Although Silvio Berlusconi is arguably one of the most prominent political figures in Europe, he is well known for all the wrong reasons. His career has been overshadowed by innumerable scandals. But from repeated allegations of corruption to questionable bunga-bunga parties involving underage prostitutes and accusations of tax evasion through his numerous companies, nothing has brought the 77-year old Senator down from high office.
But after yesterday’s decision of a cross-party parliamentary panel to recommend Mr. Berlusconi’s expulsion from Senate, his two-decade long dominance of Italian politics has come to a close. This decision is the ultimate defeat for Mr. Berlusconi in a week that has seen him taking a huge political gamble and losing everything.
Over the weekend, Mr. Berlusconi threatened to topple the left-right coalition government of Prime Minister Letta about a proposed 1% VAT increase. He raised the stakes by ordering the five Cabinet ministers of his party PdL (People of freedom) to resign from their posts. These shameless and irresponsible moves have seriously undermined Mr. Letta’s efforts to make his country more attractive to financial markets and weakened Mr. Berlusconi’s international standing even further.

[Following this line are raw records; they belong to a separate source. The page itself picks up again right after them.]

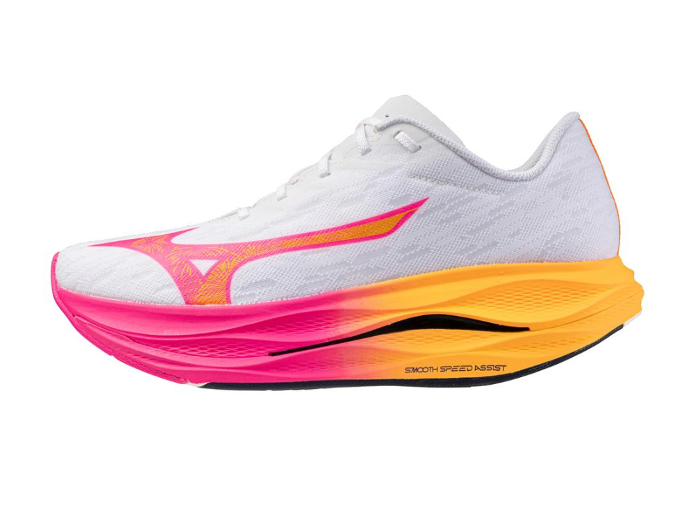 - Smooth Speed Assist: Mizuno's signature geometry that is designed for maximum performance. The significant heel bevel encourages an efficient midfoot landing, the midfoot contact point supports the calf and the aggressive forefoot rocker delivers a smooth and propulsive transition.
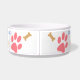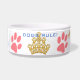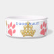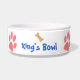 We know who rules the house - This large Dog Bowl features an original illustration by ZoeSPEAK of a golden crown made of dog bones and paw prints. There are also four pink dog paw prints around the white bowl, and the words "DOGS RULE!" in blue. Centred between two of the paw prints is text in blue which reads "King's Bowl". This is set to personalise with your dog's name or anything else you like.
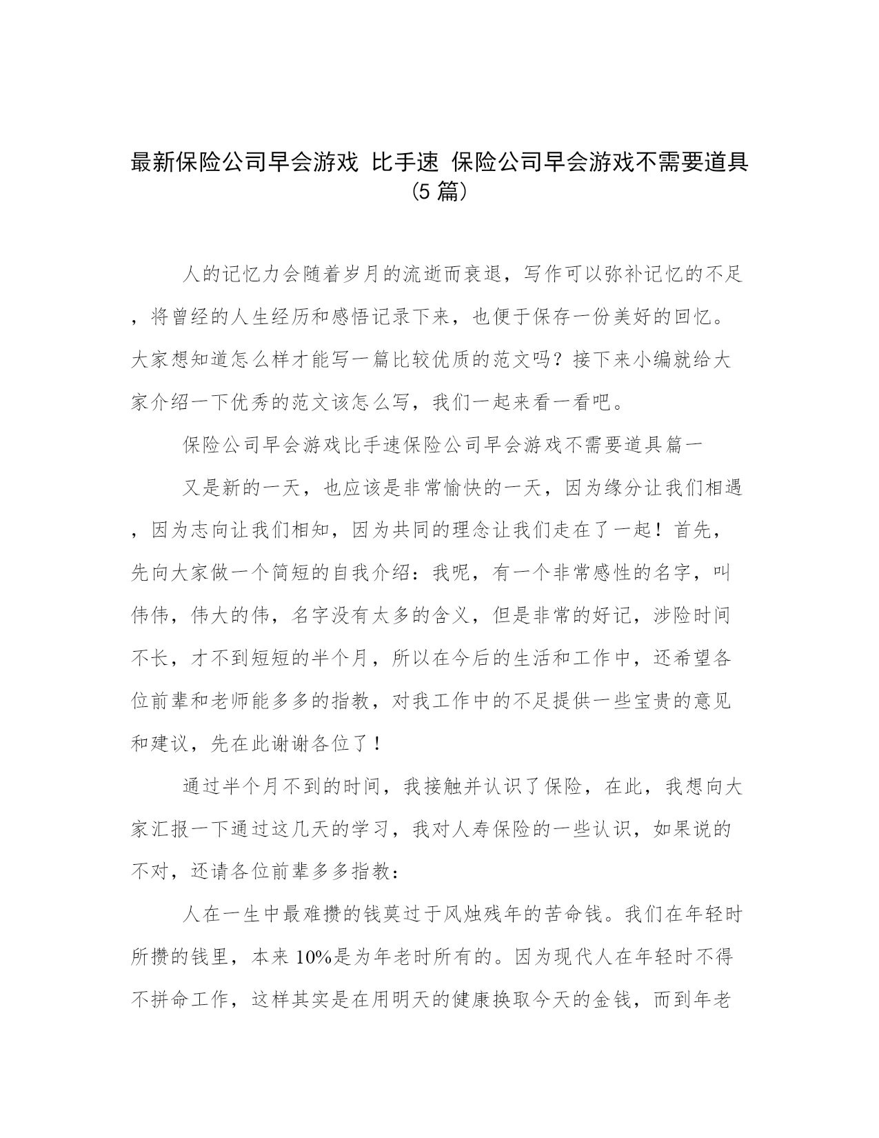 最新保险公司早会游戏 比手速 保险公司早会游戏不需要道具(5篇).docx

However, the tides of national politics started turning against him, when some of the resigning Cabinet ministers publicly expressed doubts over the decision Mr. Berlusconi had taken without any consultation. Surprisingly, Deputy Prime Minister and Berlusconi protégé Angelino Alfano has turned out to be the rebellion’s leader. Thus, Mr. Berlusconi was forced into an uncomfortable position in which he had to back down from his attempt to bring down the government and support the vote of confidence in parliament.
One court case too many
Today’s decision, however, decreases even further the slim chances Mr. Berlusconi stands of reuniting his party under his leadership, as he will not be able to run for any political office in the next six years. It is inconceivable that his party members will be willing to remain loyal to a political figure that cannot exert any pressure for such a long time. Nor is it likely that they would support Mr. Berlusconi’s candidacy in six years, as he will have turned 84 by then.
The divides in the party between Berlusconi loyalists and the rebel movement should prove too wide for any reconciliation, but this will not deprive Mr. Berlusconi of all the tools at his disposal to influence Italian politics. His repertoire includes estimated financial resources of £9bn, control of Italy’s three largest private TV stations, a daily newspaper, AC Milan football club and various other companies. What is more, were his party’s split to materialize there is still a possibility that he would lead the camp loyal to him and launch a new center-right party.
However, Mr. Berlusconi’s short-term influence will suffer a blow in any case as he will have to start serving his sentence for tax fraud later this month, which will most probably be converted into a year-long house arrest due to his age. Furthermore, once he is excluded from Senate, he will lose his parliamentary protection from legal investigation, which could see him being convicted in some of the many other legal cases he is facing.
So it seems that the unrelenting spirit Mr. Berlusconi definitely possesses, has been broken. Former Prime Minister Mario Monti told CNN’s Christian Amanpour on Wednesday: ‘I definitely do not believe that this time around Mister Berlusconi can escape his fate’. If this turns out to be the case, we might finally see a prolonged period of political stability, which could bring about the reforms Italy is in dire need of, as the new spike in youth unemployment to unprecedented levels (40%) indicates most clearly. This would be an exception to the norm in a history of dysfunctional governments – 41 since the end of World War II. A stable government, one without Mr. Berlusconi, could instigate meaningful measures with positive long-term consequences and elevate Italy to the position of a reliable partner in the Eurozone recovery instead of being its problem child.